Под манифестами, в которых польская интеллигенция заявляла о поддержке комитета «Солидарности», встречалась и подпись Жулковского.
Надеялся ли я увидеться с Марией? Почему-то, да. То есть, я запрещал себе думать об этом, но надежда вспыхивала вновь и вновь.
Купе было двухместное, первого класса, и моим соседом был крупный чиновник нашего ведомства, которому и предстояло завершать основные переговоры. Я был при нем «на подхвате», так сказать.
В купе курить запрещалось, но, поскольку мы оба курили, мы наплевали на запрет. Приоткрыли верхнюю часть окна, чтобы проветривалось, и сидели, болтая о пустяках, попивая коньячок, закусывая, как водилось в те времена, яйцами вкрутую и жареной курицей. Правда, у нас и хороший сыр ещё имелся. В саквояжиках покоились бутылки фирменной водки и матрешки — на случай, если всякие мелкие подарки придется делать.
Можно было, конечно, и в вагон-ресторан прогуляться, но мой начальник боялся хоть на секунду расстаться с «дипломатом», в котором лежали важные документы.
— На обратном пути в ресторане засядем, отметим успех, — сказал он.
Брест, долгая стоянка, пока меняют колеса, таможенный и пограничный контроль, строгий учет вывозимой гражданами валюты… Нас тоже прошмонали довольно основательно, хотя не так дотошно, как других — возможно, подействовали документы, которые мы предъявили таможенникам и пограничникам.

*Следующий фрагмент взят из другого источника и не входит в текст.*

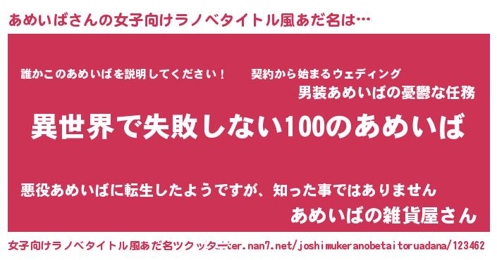 | ヘコむあだ名 | 『あめいば(笑)』『あめにー』 |

И пограничная полоса промелькнула за окнами, и с польскими пограничниками и таможенниками мы тоже быстро разобрались, и поезд загрохотал по Польше, по серым и бескрайним, совсем как в России, полям.
— Осень, — меланхолически заметил мой начальник, глядя в окно. — Эх, в пятый раз я уже в этих «полях за Вислой сонной». Впрочем, до Вислы нам ещё ехать и ехать.
Я вытащил початую бутылку коньяку и выпил, пытаясь унять неожиданно одолевшую меня нервную дрожь. Мне ещё не верилось, что мы за пределами того огромного государства, на пространствах которого может затеряться любая боль — той великой империи, которой я присягнул на верность, и которая, как выяснится совсем скоро, давно сгнила изнутри.
В голове неотступно, в ритм грохочущих колес, стучали строчки: «Вот уж близко свобода… вот уж близко граница… Вот уж близко свобода… вот уж близко граница…» Будто граница ещё не была пересечена.
Чтобы успокоиться, я стал вспоминать весь инструктаж, проведенный со мной генералом Пюжеевым перед самым моим отъездом.
«Ты ни во что не вмешиваешься. Ты только наблюдаешь. К неожиданностям, из-за которых ты можешь поменять линию поведения, относятся такие факты как… В случае любых неожиданностей ты позвонишь… этот номер телефона в Варшаве ты запомнишь наизусть, не записывай.»
Мой начальник вздохнул и тоже выпил коньяку.
Ему оставалось жить всего четыре дня. А я был на самом пороге совершенно нового этапа в моей жизни.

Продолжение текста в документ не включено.